How to type PDF files

max1836 · May 15, 2013

Is there some way with Zotero, or some other tool, which will automagically create a "type" list for PDF files?

I've been collecting PDF files for a while. Many were just images in a pdf filetype wrapper. Now some of those have become "full text" articles where you can search text, highlite and so on. I would like to replace some of those old files if possible.

My thought was first just to brute force it by manually opening each and tagging with a type.(I have about 1500 so far..). But I'm wondering f there is a more cleaver solution to this problem.

adamsmith · May 15, 2013

you mean something like this?
http://www.zotero.org/support/retrieve_pdf_metadata

max1836 · May 15, 2013

Thanks for answering, but I knew about that nifty part of Zotero.

Look at pdf file you can download from this webpage:
http://projecteuclid.org/euclid.aoms/1177731283
JSTOR: links.jstor.org

The pages inside the pdf file are just images. With acrobat reader you can't swipe text to cut and past. You can't highlite parts of the article.

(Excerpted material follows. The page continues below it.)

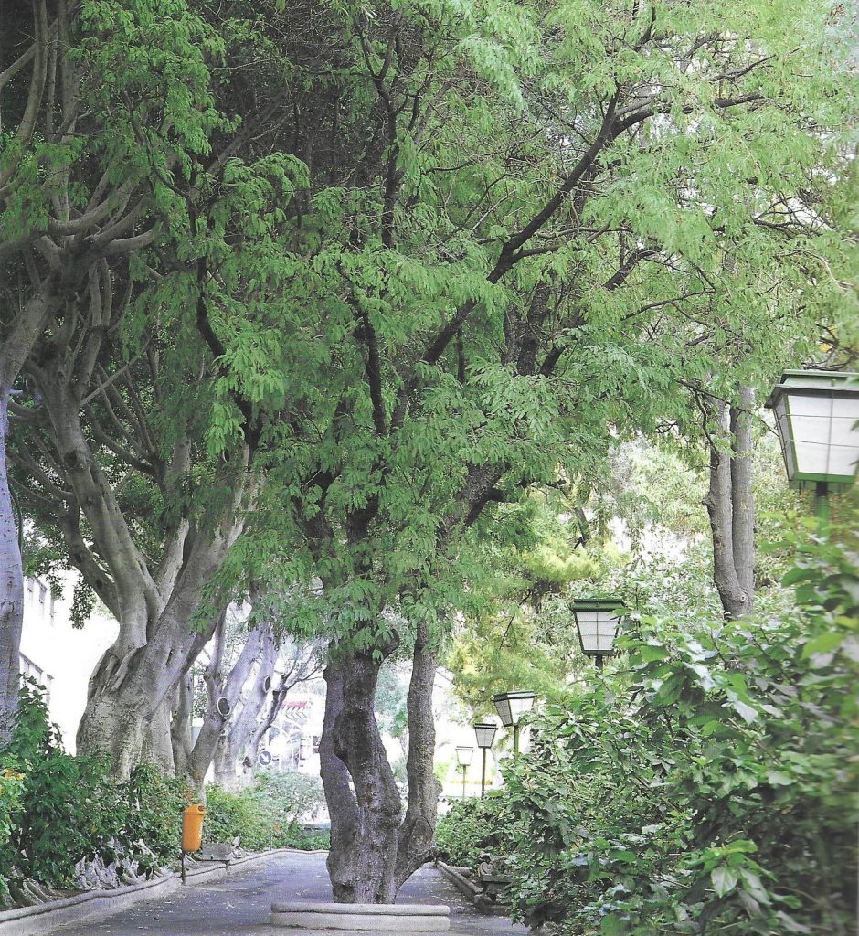 Santa Cruz contaba con muy poca vegetación hasta que, en 1787, fueron plantados los primeros 81 árboles en la Alameda del Muelle; en 1854, el capitán general Jaime Ortega mandó traer de Cuba 336 Laureles de India para adornar lo que, en su honor, se llamaría Paseo de Ortega, actual Rambla de Santa Cruz y, en 1864, el capitán Domingo Serís Granier trajo de Cuba 37 Laureles de India para que dieran sombra en la Plaza del Príncipe.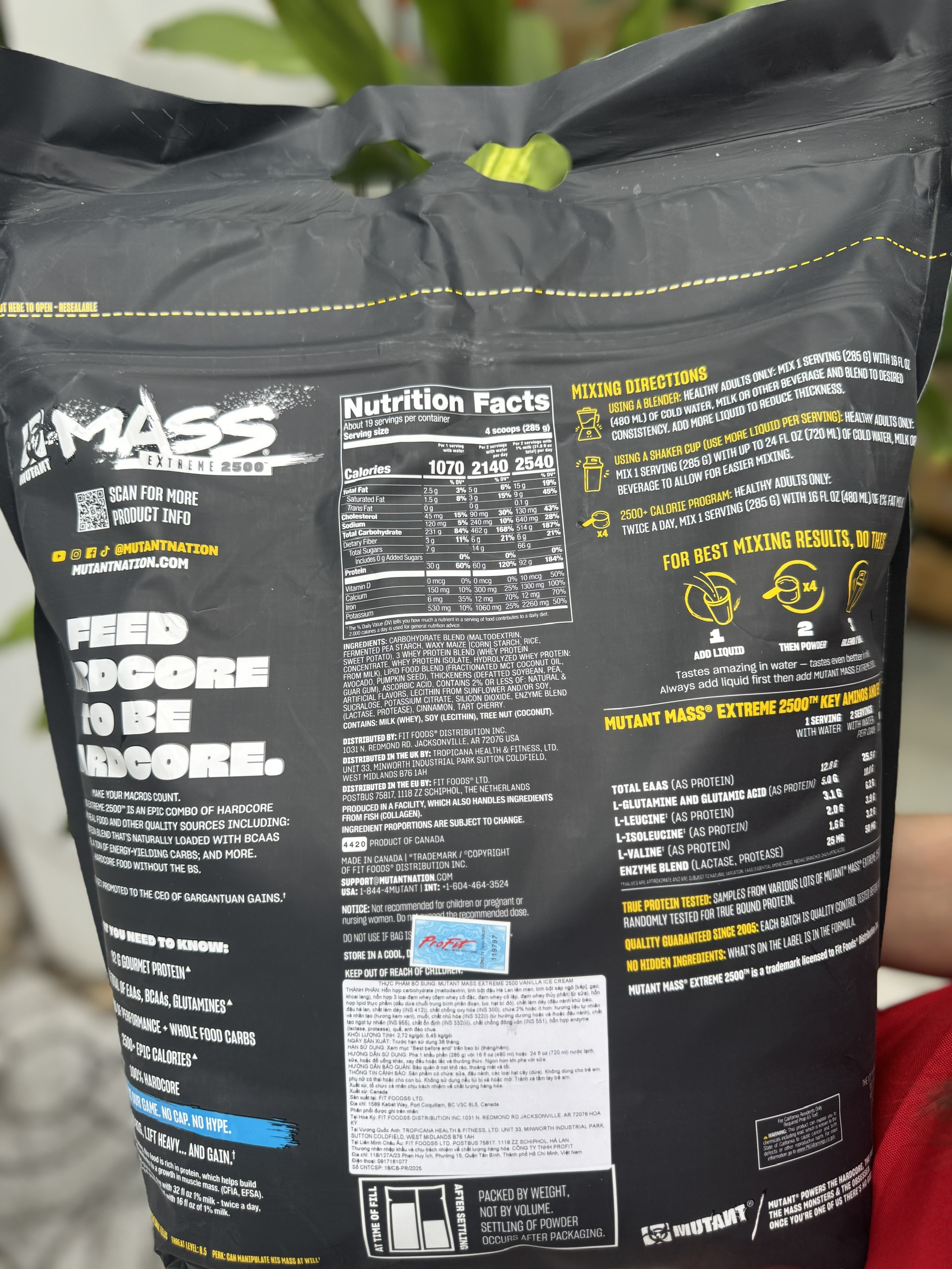 - Đã có giải pháp tối ưu cho bạn, Mass xxxTreme 2500 của Mutant đến từ Canada. Thành phần: Carbohydrate tinh lọc, chất lượng cao, 100% Whey Protein nguyên chất và các Acid Béo thiết yếu (EFAs) MUTANT MASS XXXTREME 2500 12Lbs cung cấp thành phần dinh dưỡng: – 8 muỗng (570g) pha với 940ml sữa:

I'm looking for a way to tell if the article inside the pdf file is "full text" or just "images."

----

As I said earlier I know that I can spin through all the pdf files and tag them manually. But I'd like to find the 10% that are just images without opening them all.

adamsmith · May 15, 2013

not as easy as it probably should be, but you can look at this post:
https://forums.zotero.org/discussion/6019/finding-unindexed-items/#Item_4

max1836 · May 16, 2013

Thanks again for a good tip. I thought maybe I could just spin through the list of PDFs and look to see if the file was indexed. That works but only to a small extent.

!@#$%^ Jstor put a copy page on a lot of the "old" pdf files that I have. Since "something" was indexed, the the pdf file shows as indexed, even though the "real article" within the pdf file is just images.

I probably only have about 150 papers that I really care about so I'll spin through those manually.

I did notice that when retrieving pdf metadata that Zotero does detect files with no OCR text all. It would be nice if this was flagged on item record somehow. This probably the road of good intentions which leads to total chaos. Some pdf files are password locked. So I'm not sure how many categories of pdf files you'd need, nor how a program would detect them all.